Product, AI, development · Pet project · 2026
Hunter

AI Job Hunter

1

Job search is a job in itself

Every morning you open hh.ru, scroll the feed, try to figure out if "Middle/Senior frontend in a fintech startup with React/Vue/Angular 3+ years" is right for you. Then the same on Habr. Then a cover letter that by the third vacancy becomes a copy-paste with the company name swapped. By day five you want to quit. 80% of vacancies you read don't fit — but you only realize that after reading the full description.

Hunter does steps 1–4 for you: finds, scores, filters, writes the cover letter.

452
tests (Vitest)
5
vacancy sources
35%+
test coverage
scrapes per day
2

Push instead of pull

Fill out your profile in a couple of minutes — or upload a PDF/DOCX resume, the bot will extract data via Groq Llama 3.3 70B. Three times a day (09:00, 13:00, 17:00 MSK) the bot scrapes five sources: hh.ru, Habr Career, Getmatch, SuperJob and HireHi.ru. Every vacancy goes through personal scoring 0–100. A morning digest arrives — only what actually fits.

AI Job Hunter — bot dialog: vacancy card, scoring, action buttons, morning digest
Bot dialog: vacancy card with score, action buttons, morning digest
3

Scoring: the product core

The bot doesn't just parse vacancies — it understands how well each one fits a specific user. Not by keywords, but by four weighted parameters:

Skills — 40%. The first skill in your list weighs more. Logic: what you type first is your strongest skill.

Salary — 25%. Range overlap with currency normalization.

Format — 20%. Remote, hybrid, office. Exact match — 100. Hybrid for a remote worker — 50.

Industry — 15%. 21 industries with keyword sets matched against description and company.

Red flags halve the score. Blacklisted companies — zero. Scoring is self-improving: responses boost skill weights, hidden vacancies lower them.

4

Cover letters in 5 seconds

Tap "Letter" — Gemini 2.5 Pro receives the vacancy description, user profile, company context. It generates a cover letter that specifically addresses the requirements. No fabrication — only facts from the profile. Don't like it — "Another version" regenerates with a different structure. Gemini 2.5 Pro for letters, Groq for parsing — free tiers, zero AI costs.

Each letter — 5 seconds instead of 15 minutes.

5

Freemium via Telegram Stars

Currently the bot runs in free access mode — all features are available to every user. Monetization will be enabled once the audience grows.

Planned model:

First letter per vacancy — free. Restyle and filters — Pro or credits.

Pro: 200 Stars/week or 700 Stars/month. Unlimited letters, 5 push alerts per scrape, source filters.

Credits: 100 Stars = 3 restyles, 300 Stars = 10. One-time purchase, no commitment.

Stars is Telegram's native currency. No card details needed. Tap — pay — done. Referral program: invite a friend — +1 month Pro on their first payment.

6

Features that retain

Response tracker — "Applied" → "Interview" → "Offer" or "Rejected". Full funnel in stats.

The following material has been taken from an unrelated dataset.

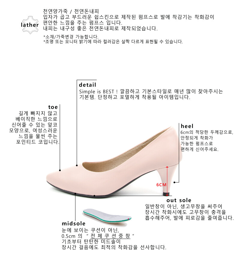COMMENT 생고무창의 바닥에 안정된 6cm의 힐굽으로 편하게 신어주세요~~!입자가 곱고 부드러운 쉽스킨으로 제작된 펌프스로 발에 착감기는 착화감이 편안한 느낌을 주는 펌프스 입니다. 내피는 내구성 좋은 천연돈내피로 제작되었습니다. 길게 빠지지 않고 베이직한 느낌으로 신어줄 수 있는 앞코 모양으로, 여성스러운 느낌을 물씬 주는 포인티드 코입니다. Simple is BEST ! 깔끔하고 기본스타일로 매년 많이 찾아주시는 기본템. 단정하고 포멀하게 착용될 아이템입니다. 6cm의 적당한 두께감으로, 안정되게 착화가 가능한 펌프스로 편하게 신어주세요. 일반창이 아닌, 생고무창을 써주어 장시간 착화시에도 고무창이 충격을 흡수해주어, 발에 피로감을 줄여줍니다.

Weekly summary — every Monday: vacancies found, responses, average score.

Inline mode — @jobhunt_ai_bot react developer in any chat. Share a vacancy with a friend in 2 seconds.

"I found a job" — the bot congratulates and sets a reminder in 90 days: "How's the new place?"

7

Process and stack

The entire project — from product strategy and monetization to production — by one person.

Bot: TypeScript, grammY, SQLite (WAL), node-cron, cheerio

AI: Gemini 2.5 Pro for letters, Groq Llama 3.3 70B for parsing (free tiers)

Scrapers: hh.ru API + Habr Career + Getmatch + SuperJob + HireHi.ru, User-Agent rotation, rate-limiting

Infra: Railway 24/7 (~$5/mo), GitHub Actions (CI + backups), launchd (strategist)

Quality: Vitest (452 tests, ~35% coverage), pre-commit typecheck, CodeRabbit reviews

One process, one database file, one server. One Pro user covers the infrastructure cost.